● PROBLEM: Going down the data below, set down exactly the line with "全國(guó)沙塵天氣預(y" and each line after it through the line with "Bonn, 5. 12."; no other lines.

● THE INPUT:
○ ○ ○ ○
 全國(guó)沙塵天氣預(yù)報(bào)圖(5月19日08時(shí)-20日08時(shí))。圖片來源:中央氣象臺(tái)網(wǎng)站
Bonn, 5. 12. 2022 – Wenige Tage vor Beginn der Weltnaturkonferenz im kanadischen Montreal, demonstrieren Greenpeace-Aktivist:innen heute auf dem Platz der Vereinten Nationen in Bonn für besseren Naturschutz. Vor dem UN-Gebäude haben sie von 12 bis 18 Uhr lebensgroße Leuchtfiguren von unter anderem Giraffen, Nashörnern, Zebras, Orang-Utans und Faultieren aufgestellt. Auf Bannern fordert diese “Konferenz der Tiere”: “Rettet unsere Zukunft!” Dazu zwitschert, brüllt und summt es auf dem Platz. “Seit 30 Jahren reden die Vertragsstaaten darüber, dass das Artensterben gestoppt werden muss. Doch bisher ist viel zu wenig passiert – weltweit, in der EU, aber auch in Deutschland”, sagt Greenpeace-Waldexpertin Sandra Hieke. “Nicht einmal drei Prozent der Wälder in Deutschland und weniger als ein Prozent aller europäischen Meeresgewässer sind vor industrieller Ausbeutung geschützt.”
○ ○ ○ ○
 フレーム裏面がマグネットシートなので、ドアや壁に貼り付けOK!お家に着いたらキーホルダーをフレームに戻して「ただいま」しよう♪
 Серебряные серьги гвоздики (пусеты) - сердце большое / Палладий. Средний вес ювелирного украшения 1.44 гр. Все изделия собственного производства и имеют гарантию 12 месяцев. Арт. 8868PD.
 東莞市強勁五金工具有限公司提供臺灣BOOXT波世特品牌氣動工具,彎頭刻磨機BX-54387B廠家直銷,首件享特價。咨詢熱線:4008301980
○ ○ ○ ○
● ANSWER BELOW:
 全國(guó)沙塵天氣預(yù)報(bào)圖(5月19日08時(shí)-20日08時(shí))。圖片來源:中央氣象臺(tái)網(wǎng)站
Bonn, 5. 12. 2022 – Wenige Tage vor Beginn der Weltnaturkonferenz im kanadischen Montreal, demonstrieren Greenpeace-Aktivist:innen heute auf dem Platz der Vereinten Nationen in Bonn für besseren Naturschutz. Vor dem UN-Gebäude haben sie von 12 bis 18 Uhr lebensgroße Leuchtfiguren von unter anderem Giraffen, Nashörnern, Zebras, Orang-Utans und Faultieren aufgestellt. Auf Bannern fordert diese “Konferenz der Tiere”: “Rettet unsere Zukunft!” Dazu zwitschert, brüllt und summt es auf dem Platz. “Seit 30 Jahren reden die Vertragsstaaten darüber, dass das Artensterben gestoppt werden muss. Doch bisher ist viel zu wenig passiert – weltweit, in der EU, aber auch in Deutschland”, sagt Greenpeace-Waldexpertin Sandra Hieke. “Nicht einmal drei Prozent der Wälder in Deutschland und weniger als ein Prozent aller europäischen Meeresgewässer sind vor industrieller Ausbeutung geschützt.”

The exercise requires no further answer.